Ein Funken, der sich fortzeugt. Dem Zusammentreffen mit leibhaftigen Menschen und der wirklichen Welt zwar verdankt ein Autor seinen Stoff, doch ebenso der Begegnung mit Literatur. „Erst lesen. Dann schreiben“ lautet darum der Rat, den Stephan Porombka und Olaf Kutzmutz als Editoren eines gleichnamigen Taschenbuchs all denen erteilen, die am Schreibtisch sitzend nicht wissen, wie loslegen. Sie konstatieren: Viele, die Schreiber sein wollen, lesen zu wenig; und sie wissen, „dass große Autoren immer auch große Leser“ waren – produktive Leser: solche, die der Lektüre mit Lust frönen, doch zugleich bei jeder Seite hellwach durchleuchten, „was da eigentlich mit den Wörtern passiert“.

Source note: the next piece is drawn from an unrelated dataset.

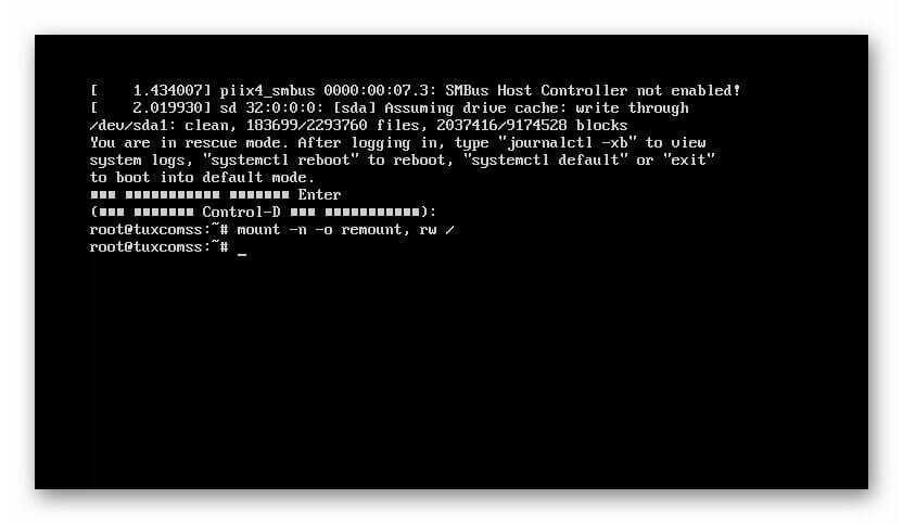 Затем введите следующую команду для монтирования файловой системы root (/) в режим чтения / записи:

Übers Schreiben schreiben 22 Autoren; die Herausgeber luden sie ein, Vorbilder preiszugeben. John von Düffel bekennt sich zu Joseph Conrad, Daniel Kehlmann zu Vladimir Nabokov, Robert Gernhardt (sein Text lief an seinem Todestag ein) zu Lichtenberg. Ungewohnte Einblicke in die Werkstatt, ins Handwerk eröffnen sie alle: Kenntlich wird, wie sie lernten, einen Stoff zu entwickeln, eine Situation zu umreißen, Figuren zu charakterisieren, Dialoge zu führen. Nicht um Stilkopien geht es ihnen, sondern darum, zu begreifen, wie man’s macht – und was sie auf keinen Fall machen wollen.

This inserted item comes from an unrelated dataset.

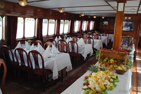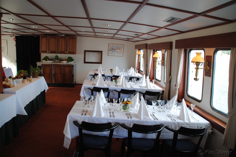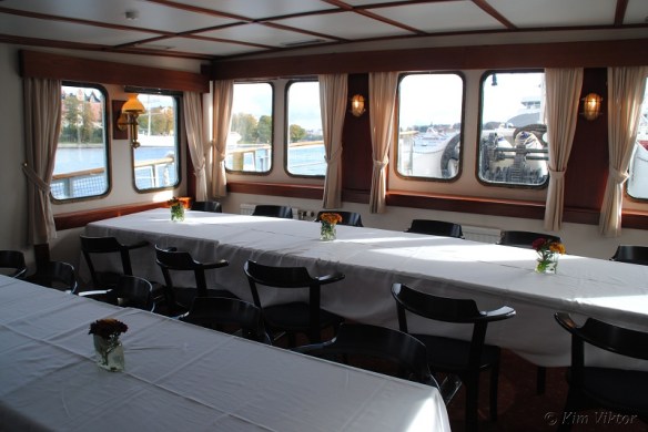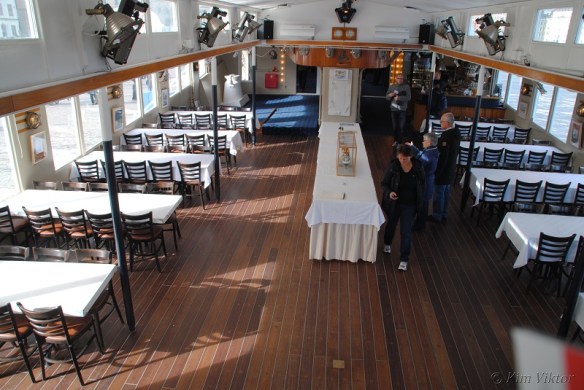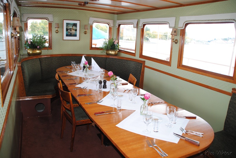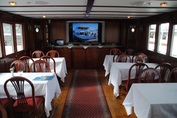 Vilken härlig utsikt man har från matsalen, som sträcker sig över 2 däck.

Wie sodann aus grauer Theorie eigenes Schaffen grünt – das offenbaren, in einem anderen Sammelband, 92 Erzähler und Lyriker beiderlei Geschlechts, die dem Aufruf Renatus Deckerts folgten, sich auf „Das erste Buch“ zu besinnen. Die Liste der Debüts reicht von Ilse Aichingers „Größerer Hoffnung“ (1948) bis zum Erscheinungsjahr 1995 mit Ulrike Draesner oder Lutz Seiler. Manch einer schlägt, wie Alexander Kluge, die alten Sachen mit Selbstachtung auf. Etliche indes machen ihrem Widerwillen in Verrissen Luft, lassen Ängstlichkeit spüren, sparen nicht mit Vorwürfen gegen sich. Die lauten vielfach: Naivität, Unmündigkeit, Selbstüberschätzung, Wort-„Durchfall“ (Günter Grass). Viel jugendliche Erregung, kaum Erfahrung: Wie in der Liebe, so hat in der Literatur das „erste Mal“ seine Peinlichkeiten.

Fast unumgänglich, bei solcher Lektüre auch an Friedrich Schiller, den Marbacher Literatur-Patron, zurückzudenken: an seinen Erstling „Die Räuber“; und an seinen Schreibtisch. Der übrigens stand, 1942 zum Schutz vor feindlichen Bomben aus Weimar ausgelagert, für mehr als ein Jahr im KZ Buchenwald, wo ihn Häftlinge nachbauten. So wurde das Möbel selbst, nicht nur das an ihm entstandene Werk, zu einem Denkmal für Geschichte und Kultur.

Ausstellung: Bis zum 21. Oktober, dienstags bis sonntags 10 bis 18, mittwochs bis 20 Uhr.

Stephan Porombka, Olaf Kutzmutz (Hg.): Erst lesen. Dann schreiben. Luchterhand, 271 Seiten, kartoniert, 8 Euro.

Renatus Deckert (Hg.): Das erste Buch. Suhrkamp, 356 Seiten, kartoniert, 10 Euro.